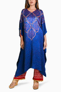 Step into elegance with our Bandhani Kaftan, featuring a beautifully embellished yoke adorned with intricate sequins. This graceful ensemble is perfectly paired with contrasting red pants, creating a striking and timeless look that effortlessly blends tradition with contemporary style.
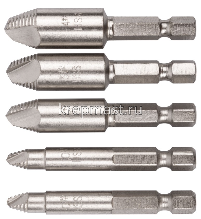 Комплект экстракторов для выкручивания болтов и шпилек применяется для демонтажа поврежденных шпилек и болтов с правой резьбой (с классом прочности не более 8.8). В комплекте представлены экстракторы универсальных размеров. Шестигранный хвостик. Материал: быстрорежущая сталь НSS. Упаковка: блистер.
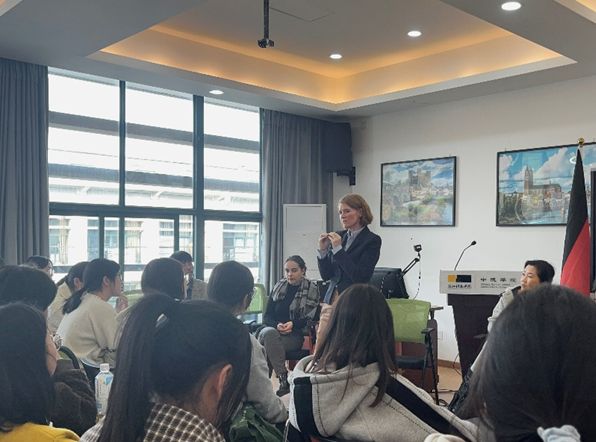 3月7日下午,北京德语文化中心·歌德学院(中国)副院长、语言工作处主任 Sabine Wilmes女士,德语教学合作处主任 Vera Trojansky女士和德语教学合作处主任李劲梅女士一行莅临浙江科技学院91国产 交流访问。学院党政班子与代表团进行了亲切交流,就德语教学教法和赛事活动等方面的合作进行了讨论。
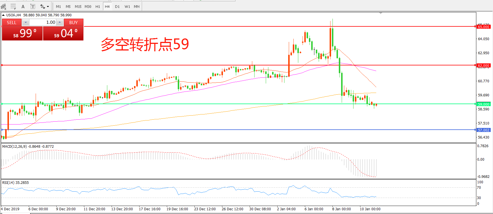 交易策略: 在59.00之下看跌,目标57.00 54.00
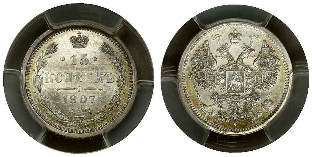 Russia 15 Kopecks 1907 СПБ-ЭБ PCGS MS62
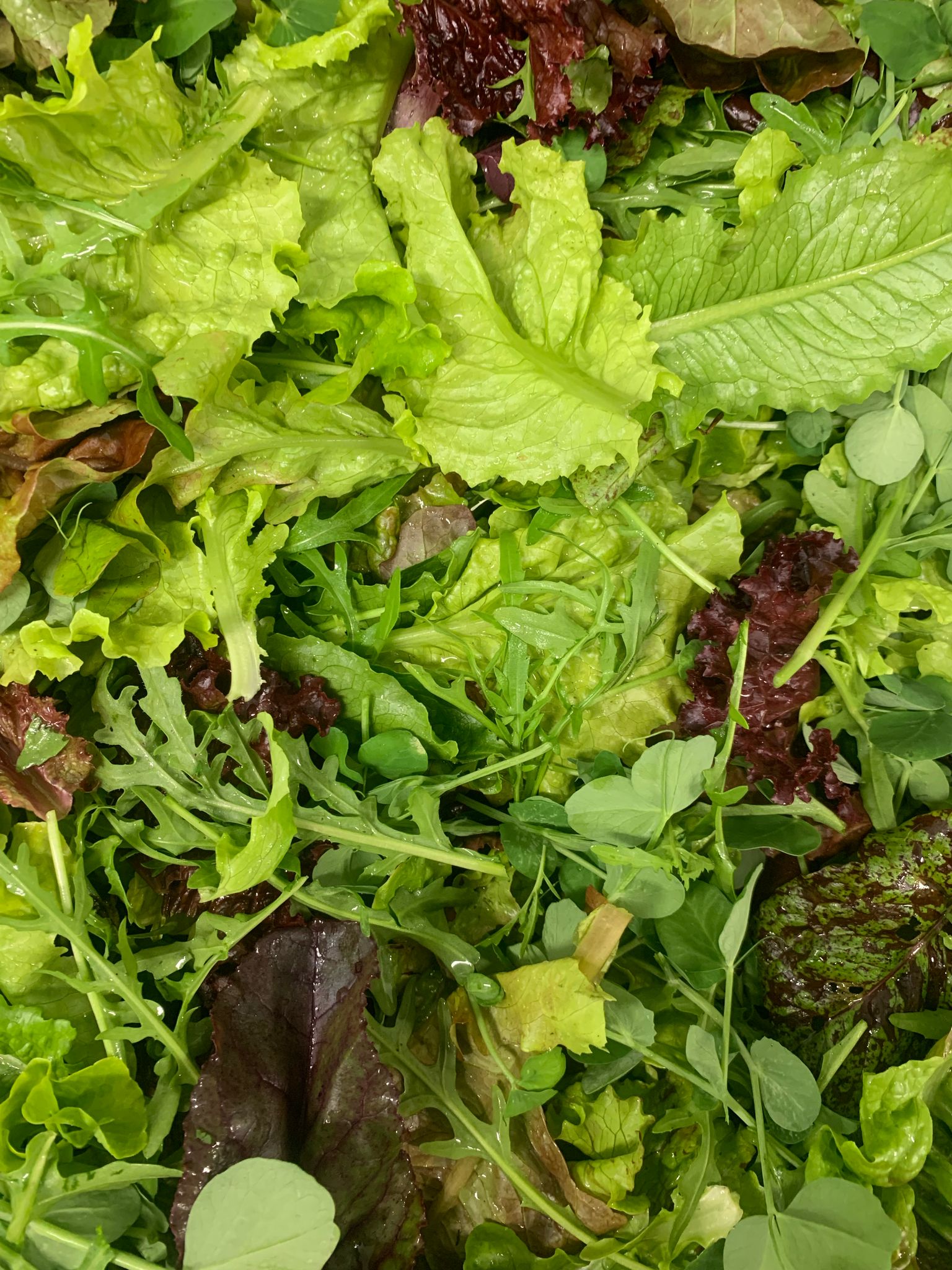 But for that luxurious mouthfeel, drizzle over the oil, thinking about what it may add or take away from the salad, depending on how bitter it may be. It's a bit of a balancing act. Toss again with one hand so the oil coats everything evenly. Salad-tossing utensils are no substitute for hands
--*--
Task goal
Range to print from the listing above: from the line with "交易策略: 在59.00之下看跌,目标57.00 54.00" up to and including the line with "Russia 15 Kopecks 1907 СПБ-ЭБ PCGS MS62". Please print those lines exactly, with no pictures and nothing more.

Result for this task
 交易策略: 在59.00之下看跌,目标57.00 54.00
 Russia 15 Kopecks 1907 СПБ-ЭБ PCGS MS62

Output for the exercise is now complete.